====== EXCERPTED DATA

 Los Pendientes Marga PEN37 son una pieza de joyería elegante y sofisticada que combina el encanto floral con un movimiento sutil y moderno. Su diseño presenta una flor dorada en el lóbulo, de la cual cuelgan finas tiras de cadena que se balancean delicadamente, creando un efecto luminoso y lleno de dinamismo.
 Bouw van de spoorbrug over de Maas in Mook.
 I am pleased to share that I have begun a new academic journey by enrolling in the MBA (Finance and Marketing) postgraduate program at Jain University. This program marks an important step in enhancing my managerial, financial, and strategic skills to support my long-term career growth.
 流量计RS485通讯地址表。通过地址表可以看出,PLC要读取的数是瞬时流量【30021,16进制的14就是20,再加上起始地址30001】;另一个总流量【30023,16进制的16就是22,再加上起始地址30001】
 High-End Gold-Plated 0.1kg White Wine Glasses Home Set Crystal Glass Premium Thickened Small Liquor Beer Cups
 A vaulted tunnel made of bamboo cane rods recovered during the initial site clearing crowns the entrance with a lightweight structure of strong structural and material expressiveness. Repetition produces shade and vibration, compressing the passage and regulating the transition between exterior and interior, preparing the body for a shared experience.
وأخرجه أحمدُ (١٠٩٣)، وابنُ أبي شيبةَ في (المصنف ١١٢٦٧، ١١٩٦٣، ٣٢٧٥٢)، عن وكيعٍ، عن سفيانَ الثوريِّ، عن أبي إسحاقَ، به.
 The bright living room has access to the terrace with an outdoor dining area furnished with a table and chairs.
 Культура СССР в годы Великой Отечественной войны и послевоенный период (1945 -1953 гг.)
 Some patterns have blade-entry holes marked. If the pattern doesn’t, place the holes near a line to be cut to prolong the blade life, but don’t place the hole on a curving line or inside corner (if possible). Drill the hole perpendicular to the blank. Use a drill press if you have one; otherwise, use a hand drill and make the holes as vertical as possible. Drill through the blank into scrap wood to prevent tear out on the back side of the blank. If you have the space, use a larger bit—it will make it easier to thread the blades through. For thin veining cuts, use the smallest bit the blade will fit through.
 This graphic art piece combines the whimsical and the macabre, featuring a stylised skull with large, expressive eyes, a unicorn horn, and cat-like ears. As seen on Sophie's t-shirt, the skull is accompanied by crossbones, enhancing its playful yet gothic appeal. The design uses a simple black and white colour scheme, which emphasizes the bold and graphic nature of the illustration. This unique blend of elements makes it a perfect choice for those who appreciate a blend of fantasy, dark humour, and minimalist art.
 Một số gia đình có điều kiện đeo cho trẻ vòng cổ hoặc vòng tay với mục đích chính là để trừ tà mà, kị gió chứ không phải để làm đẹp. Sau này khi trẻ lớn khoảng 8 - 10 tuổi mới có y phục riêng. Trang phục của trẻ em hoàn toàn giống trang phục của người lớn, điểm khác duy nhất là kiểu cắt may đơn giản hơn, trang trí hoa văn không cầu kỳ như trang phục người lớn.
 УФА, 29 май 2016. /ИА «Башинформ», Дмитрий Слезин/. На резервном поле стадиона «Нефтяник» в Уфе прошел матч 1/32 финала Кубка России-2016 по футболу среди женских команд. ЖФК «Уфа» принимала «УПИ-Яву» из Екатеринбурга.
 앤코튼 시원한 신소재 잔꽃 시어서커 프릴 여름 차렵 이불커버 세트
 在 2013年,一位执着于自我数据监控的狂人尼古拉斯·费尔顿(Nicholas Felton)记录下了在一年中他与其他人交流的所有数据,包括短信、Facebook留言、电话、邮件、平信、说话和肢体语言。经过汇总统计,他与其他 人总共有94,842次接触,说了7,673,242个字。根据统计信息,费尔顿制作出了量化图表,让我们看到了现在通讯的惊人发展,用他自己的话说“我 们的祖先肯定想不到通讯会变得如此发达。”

============

**WHAT THE TASK REQUIRES**
The line containing "앤코튼 시원한 신소재 잔꽃 시어서커 프릴 여름 차렵 이불커버 세트" and all lines after it, through the end of the entries above, are to be returned exactly and alone.

**RESULT FOR THIS TASK**
 앤코튼 시원한 신소재 잔꽃 시어서커 프릴 여름 차렵 이불커버 세트
 在 2013年,一位执着于自我数据监控的狂人尼古拉斯·费尔顿(Nicholas Felton)记录下了在一年中他与其他人交流的所有数据,包括短信、Facebook留言、电话、邮件、平信、说话和肢体语言。经过汇总统计,他与其他 人总共有94,842次接触,说了7,673,242个字。根据统计信息,费尔顿制作出了量化图表,让我们看到了现在通讯的惊人发展,用他自己的话说“我 们的祖先肯定想不到通讯会变得如此发达。”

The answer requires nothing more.